Two people rise from chairs: one male, one female.

“We will use the lady,” the master of ceremonies says. “Your task, madam,” he continues as he leads her by the hand onto the stage and places her beside the secretary, “will be to call out, slowly and clearly, all the letters of the alphabet, in the correct sequence. Should the table respond at any point during your recitation, you shall pause; the gentleman shall mark down the letter you’ve just called out; then you shall recommence pronouncing all the letters, beginning once more with A. Have I made the procedure clear to both of you?”

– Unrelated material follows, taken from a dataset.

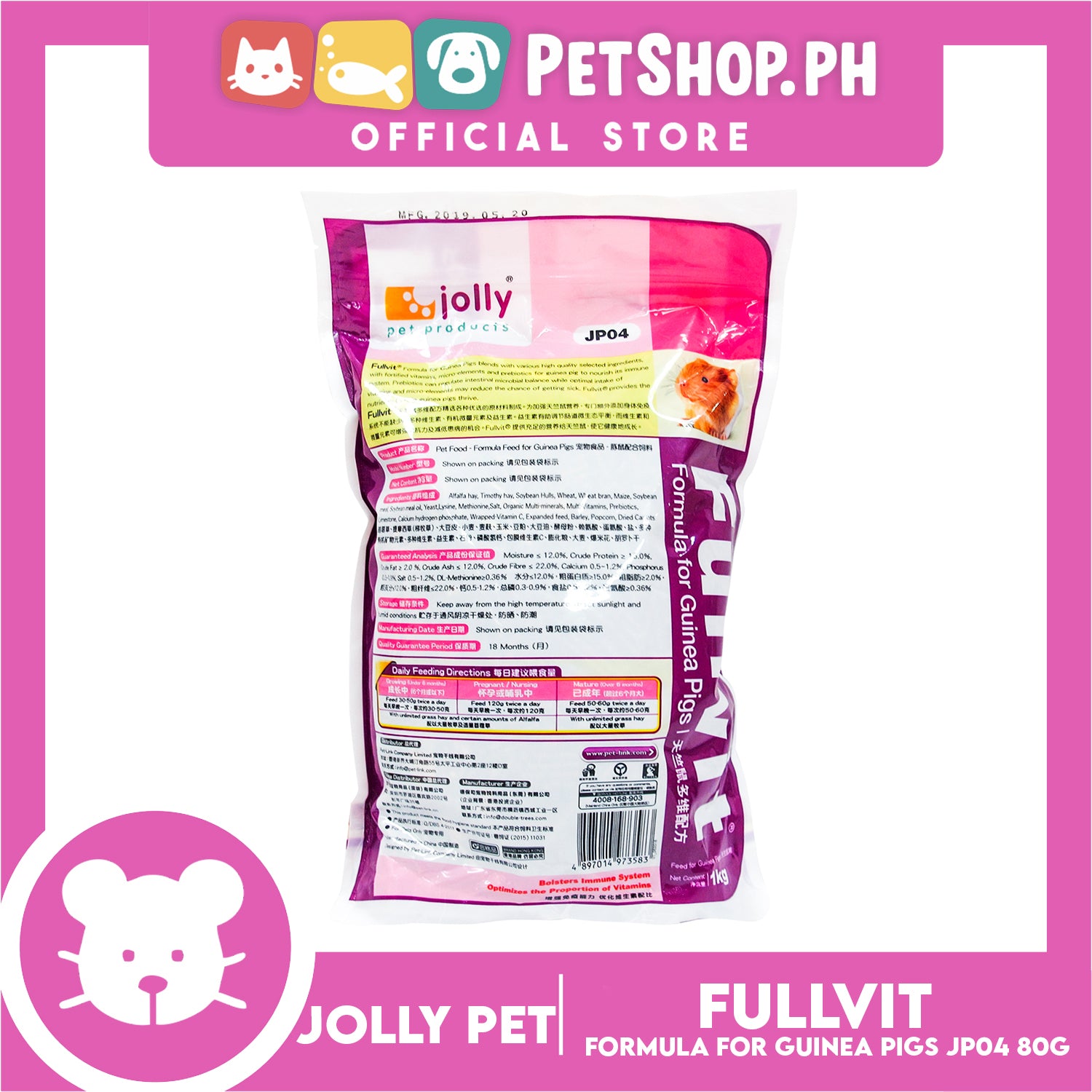 - Fullvit formula for guinea pigs blends with various high quality selected ingredients, with fortified vitamins, micro-elements and prebiotics for guinea pig to nourish its immune system.

Both gentleman and lady nod. The master of ceremonies moves back to his spot at stage right, casts a glance across the now quite populated stage-the blackboard-staffing gentleman with chalk in hand, the soporific medium behind her table, the mousey secretary at her desk and the nervous lady standing beside her-and, satisfied, instructs the lady to begin. Blushing, she calls out:

“A, B, C, D, E, F, G…”

Serge shifts his gaze back and forth between the table and Miss Dobai. Both seem perfectly inanimate. The nervous lady moves on through the alphabet’s middle stretch:

“L, M, N, O, P, Q…”

Still nothing’s happening. When she pronounces Y though, the table top dips-unmistakeably, a clear forward tilt towards the audience, who gasp in amazement.

“Mark it down,” the master of ceremonies instructs the man at the blackboard. He does so, drawing a Y in its upper left corner. The table top tilts back until it’s even again.

“How can it do that?” Serge asks. The tingling in his blood is growing stronger. It’s not a sensation he’s experienced before; nor is it pleasant: it’s a bad type of tingling, as though he’d been injected with a mixture that was somehow not quite right.